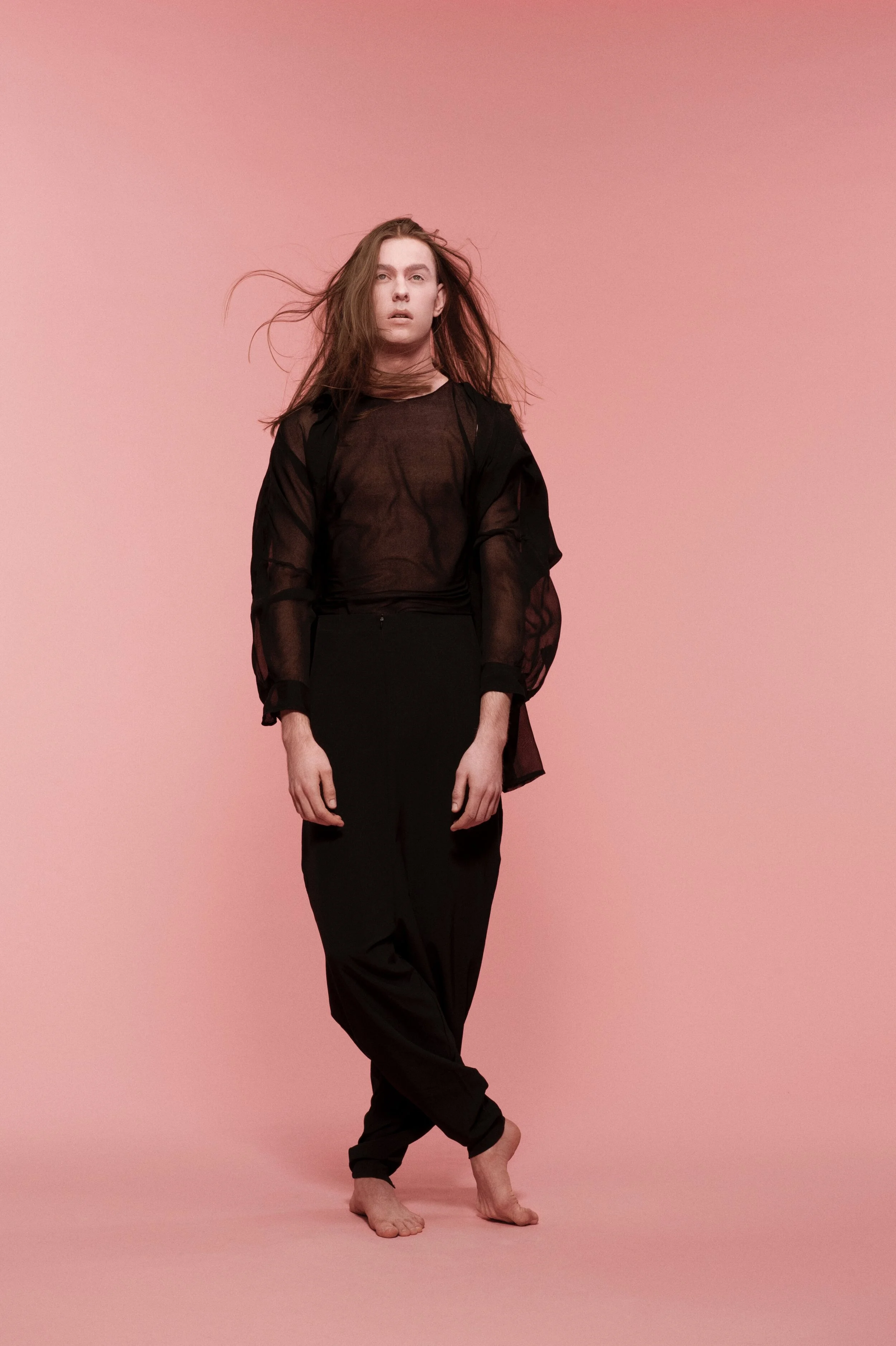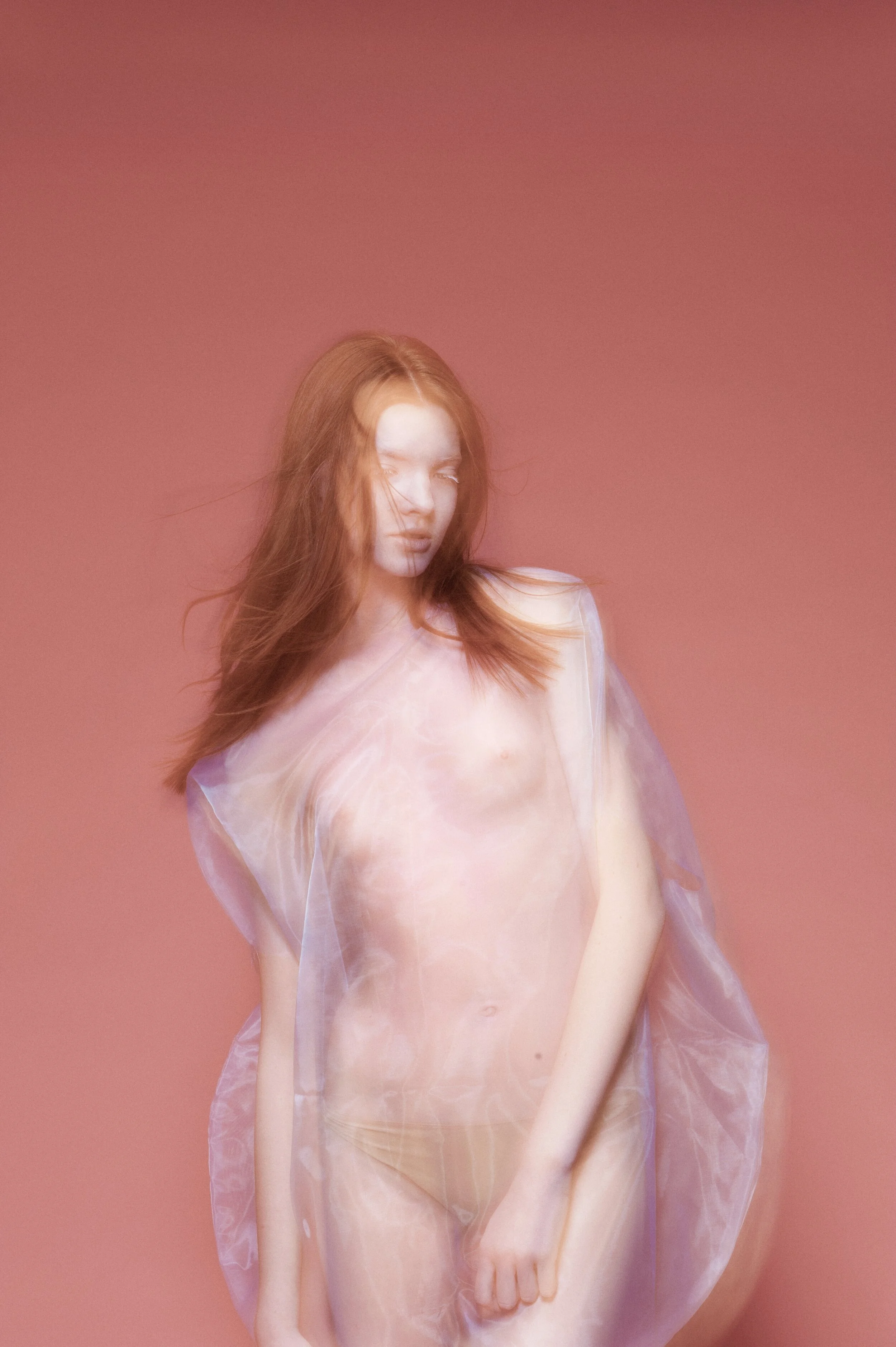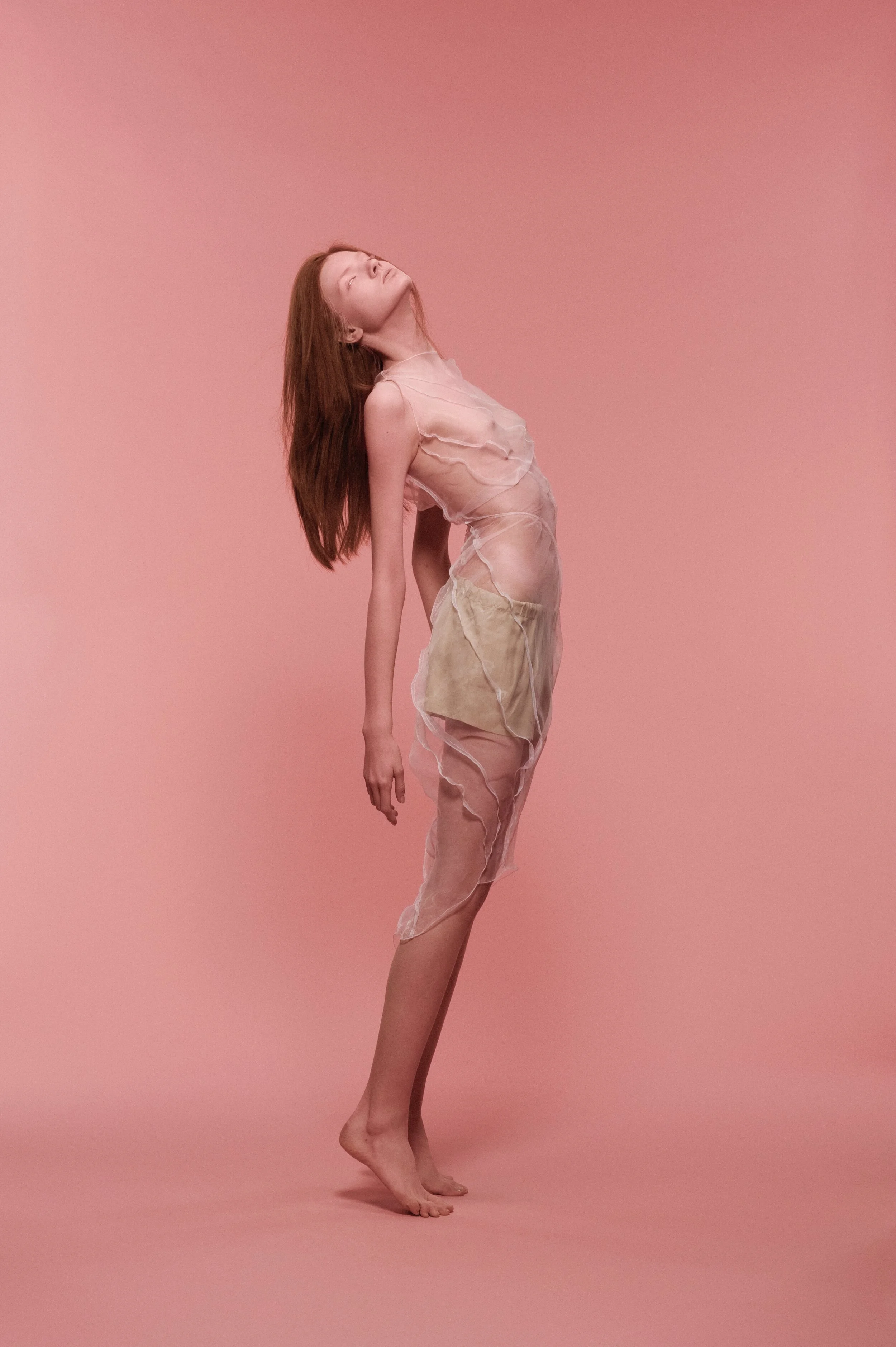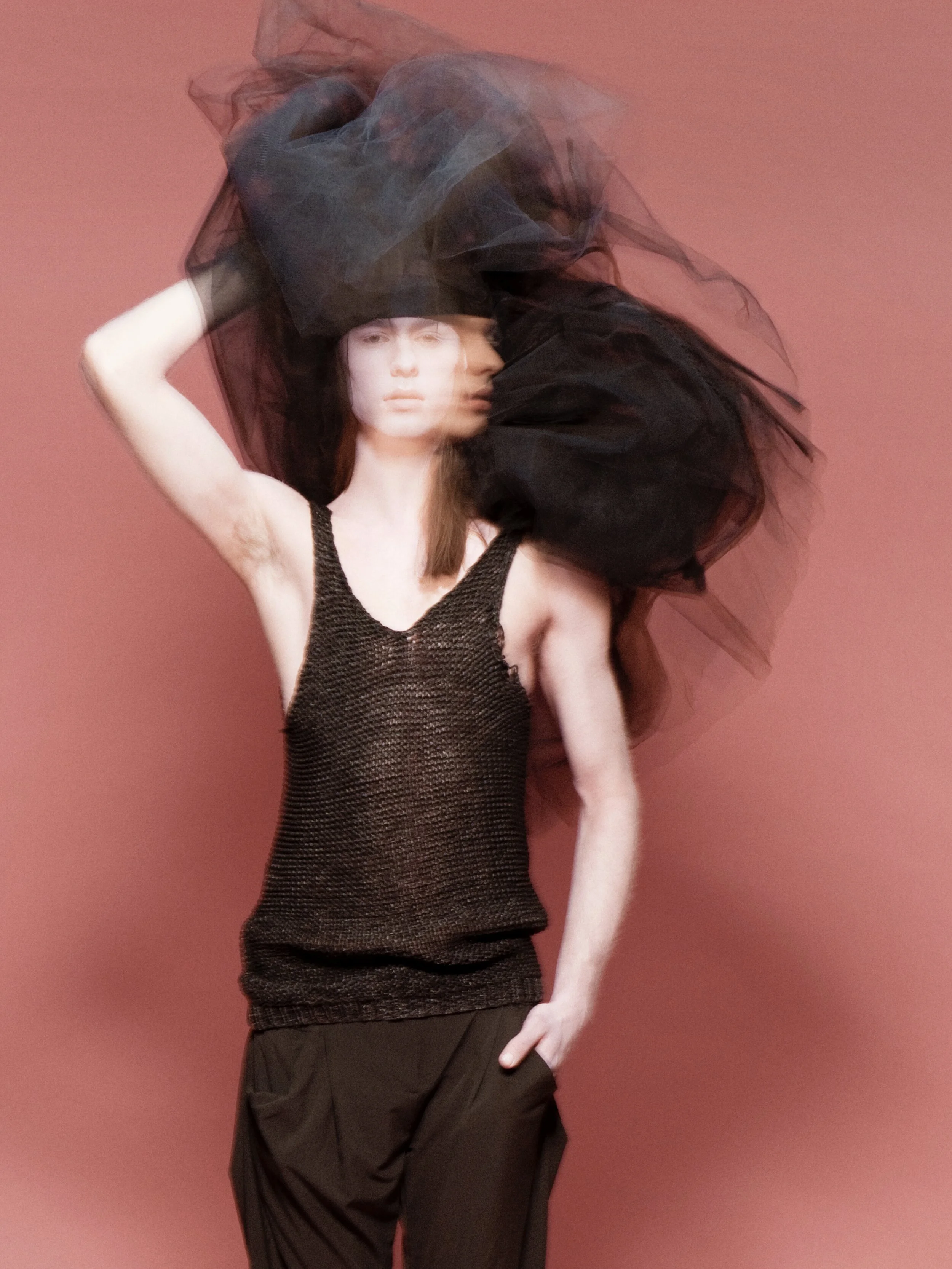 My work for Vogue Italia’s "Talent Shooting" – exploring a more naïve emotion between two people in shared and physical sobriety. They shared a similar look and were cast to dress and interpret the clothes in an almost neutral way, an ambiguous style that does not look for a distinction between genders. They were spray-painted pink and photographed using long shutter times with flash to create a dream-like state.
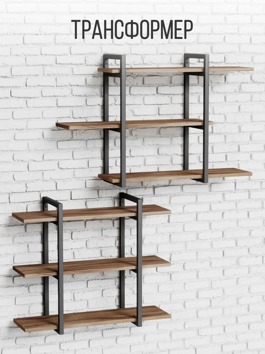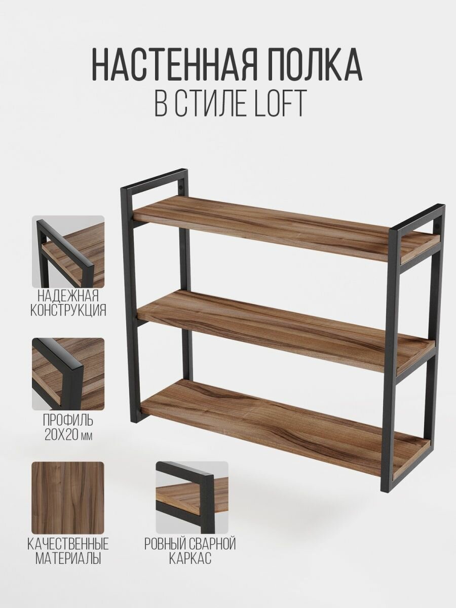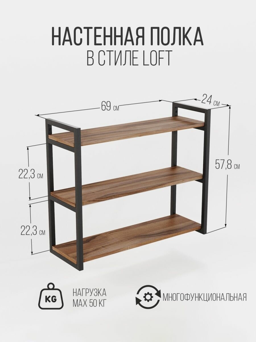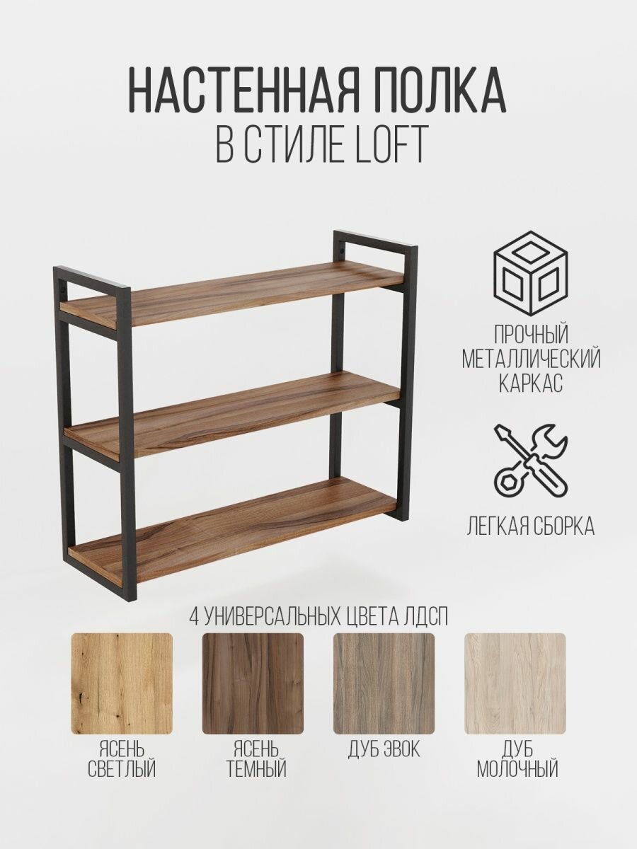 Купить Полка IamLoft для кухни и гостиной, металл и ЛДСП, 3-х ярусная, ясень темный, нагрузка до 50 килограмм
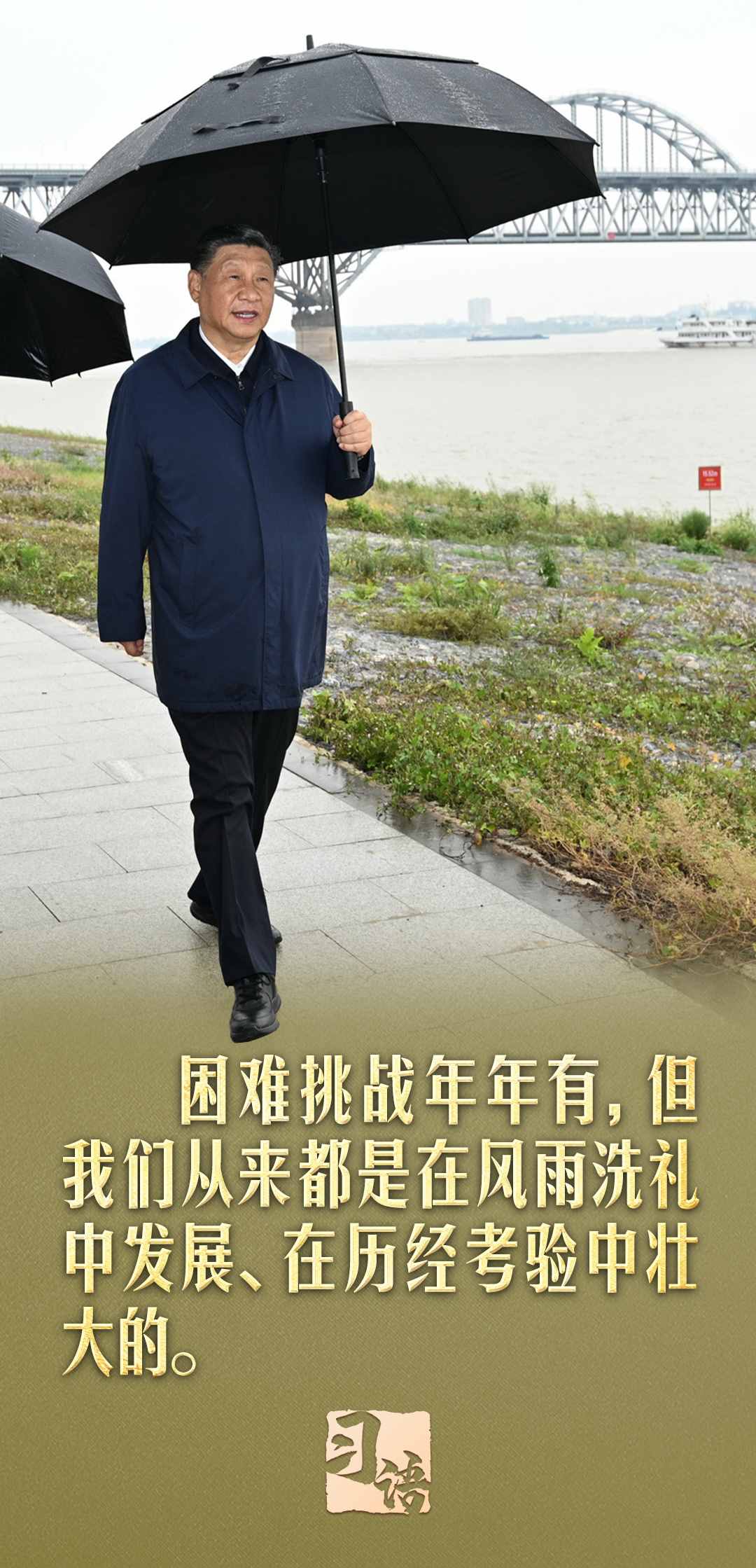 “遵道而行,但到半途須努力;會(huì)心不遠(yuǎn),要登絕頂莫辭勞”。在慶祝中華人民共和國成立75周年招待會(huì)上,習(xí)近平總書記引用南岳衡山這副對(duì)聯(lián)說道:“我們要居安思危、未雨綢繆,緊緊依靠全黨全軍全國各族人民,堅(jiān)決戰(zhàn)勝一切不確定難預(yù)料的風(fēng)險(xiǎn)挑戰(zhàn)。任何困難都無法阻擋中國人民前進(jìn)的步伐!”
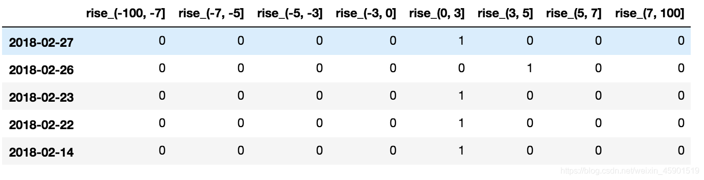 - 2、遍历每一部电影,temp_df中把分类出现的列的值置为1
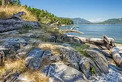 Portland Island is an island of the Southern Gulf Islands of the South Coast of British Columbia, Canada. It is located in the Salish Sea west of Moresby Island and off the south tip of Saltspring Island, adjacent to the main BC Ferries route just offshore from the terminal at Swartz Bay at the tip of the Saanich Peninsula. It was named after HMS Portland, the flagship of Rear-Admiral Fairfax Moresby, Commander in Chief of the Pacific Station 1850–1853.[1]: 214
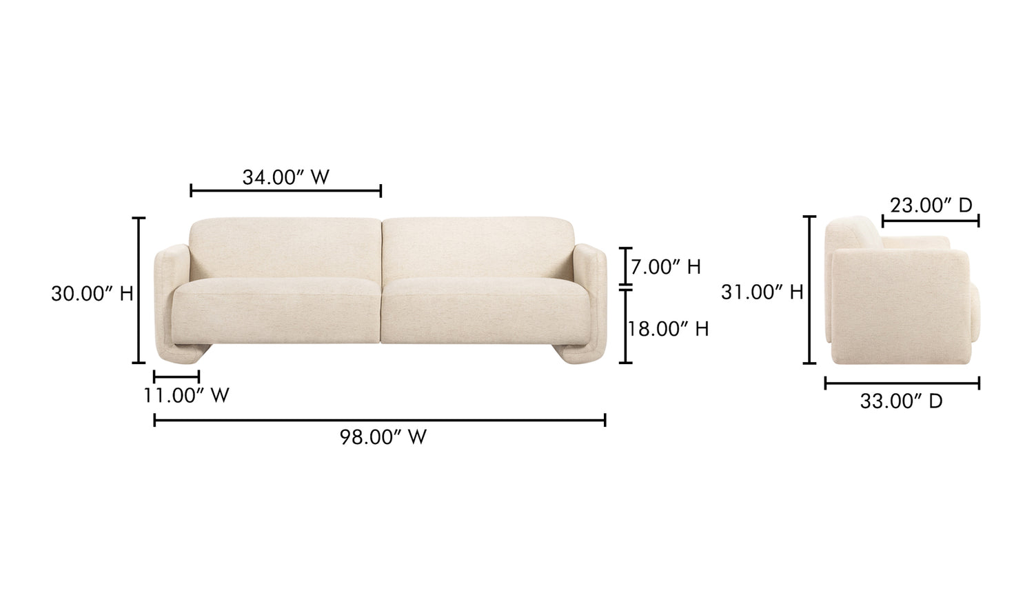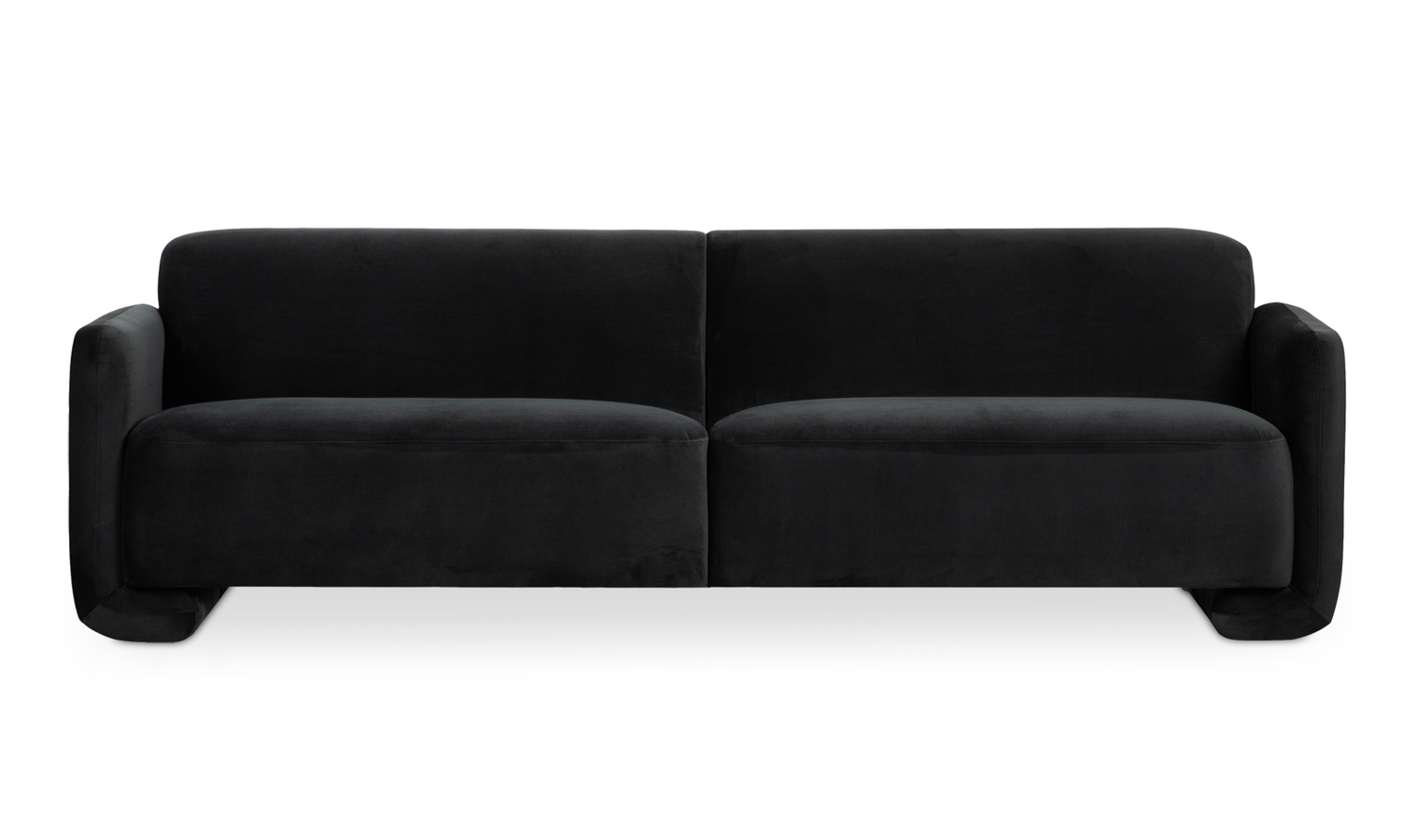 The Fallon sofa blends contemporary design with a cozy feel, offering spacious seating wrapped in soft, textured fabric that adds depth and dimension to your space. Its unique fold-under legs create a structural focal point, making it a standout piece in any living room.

────

Reproduce, word for word, the lines from the one containing "Portland Island is" through the final line above. Leave every picture out.

→ WRITTEN ANSWER:
 Portland Island is an island of the Southern Gulf Islands of the South Coast of British Columbia, Canada. It is located in the Salish Sea west of Moresby Island and off the south tip of Saltspring Island, adjacent to the main BC Ferries route just offshore from the terminal at Swartz Bay at the tip of the Saanich Peninsula. It was named after HMS Portland, the flagship of Rear-Admiral Fairfax Moresby, Commander in Chief of the Pacific Station 1850–1853.[1]: 214
 The Fallon sofa blends contemporary design with a cozy feel, offering spacious seating wrapped in soft, textured fabric that adds depth and dimension to your space. Its unique fold-under legs create a structural focal point, making it a standout piece in any living room.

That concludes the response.